We saw in the previous article that the 2nd Sir Nathaniel Curzon inherited Kedleston Hall in Derbyshire in 1686, but he and his wife Sarah (née Penn) had been living in Penn since 1671 and their younger boys were still at school at Berkhamsted. He does not seem to have moved to Kedleston until 1691 and in c.1700 commissioned Francis Smith of Warwick to build the red-brick house with stone dressings shown in the painting (attributed to Jan Griffier I), keeping its older brick and timber-framed outbuildings and simple walled garden enclosures. The church was the only building shown in the picture to survive when the old hall was pulled down.

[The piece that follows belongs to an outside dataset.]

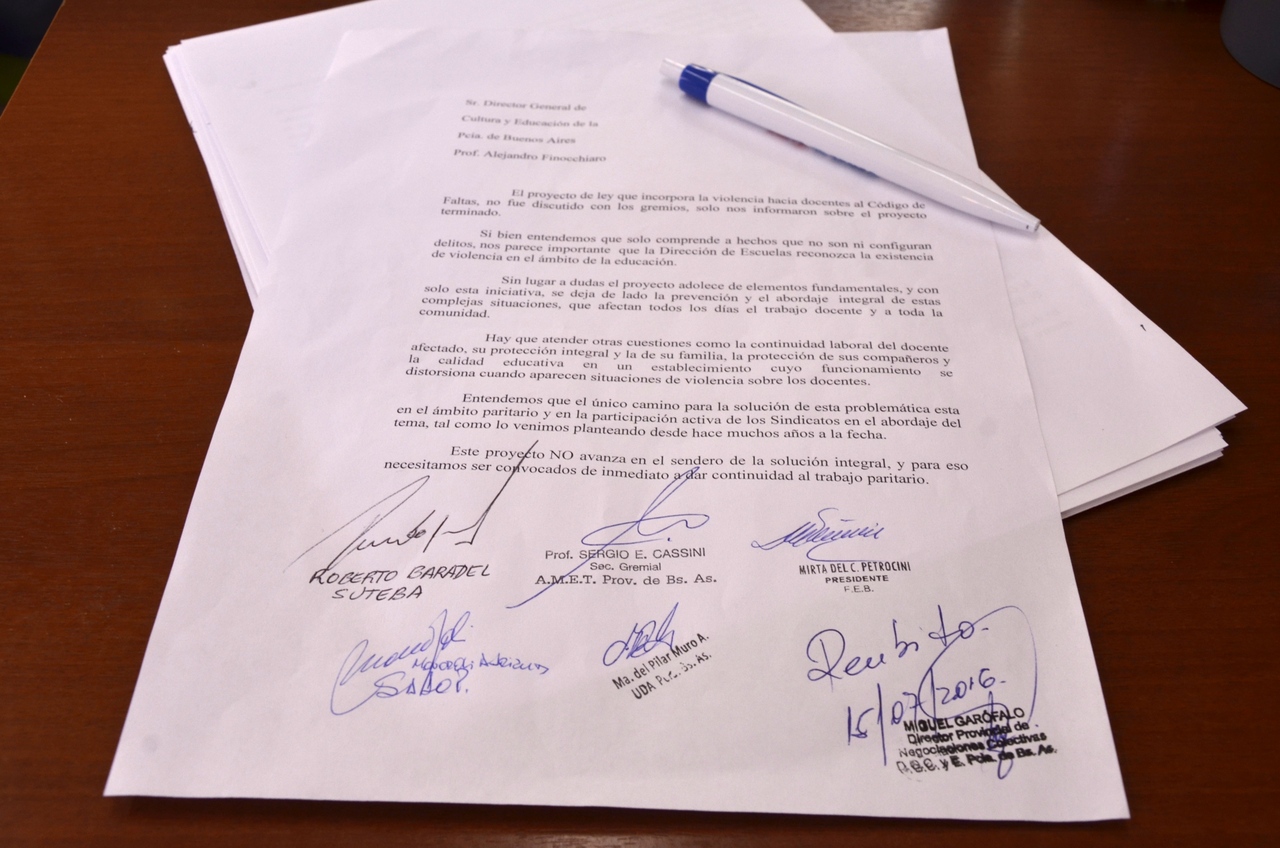 En el marco de la Comisión Técnica de las Condiciones de Trabajo, ante las declaraciones emitidas el jueves 14 por el Director General de Escuelas anunciando la presentación de un Proyecto de Ley del Gobierno Provincial ante la Legislatura bonaerense, en relación a violencia hacia los docentes en el ámbito escolar; el FGDB presentó un comunicado sentando posición ante dicho proyecto y exigiendo participación REAL en las definiciones de medidas y acciones relacionadas a situaciones de violencia hacia los Trabajadores de la Educación en el ámbito escolar. Es decir, abordar esta compleja temática en los ámbitos paritarios correspondientes.

This house was in turn pulled down in 1759 to build the present Kedleston Hall.
On the west wall of the north transept of Kedleston church, the ambitious standing wall monument by Peter Scheemakers, a noted sculptor of the day, shows husband and wife in Roman dress and was put up by their youngest daughter, Eleanor (the only child born at Kedleston rather than Penn), in 1737. The monument is the only surviving record of what either the second baronet or his wife looked like, although, as we have seen, a portrait of Sarah as a child survives.
Peter Scheemakers (1691-1781) was from Antwerp where his father was a sculptor. He spent several years studying in Rome, settled in London in c.1730 and rapidly became very successful. One of his very earliest monuments was to Montague Drake of Shardeloes in Amersham church and his most successful work was the statue of Shakespeare in Westminster Abbey.
Penn Arms: Note that the three roundels on the Penn arms are silver, not the mistaken gold on the Penn arms in Penn church.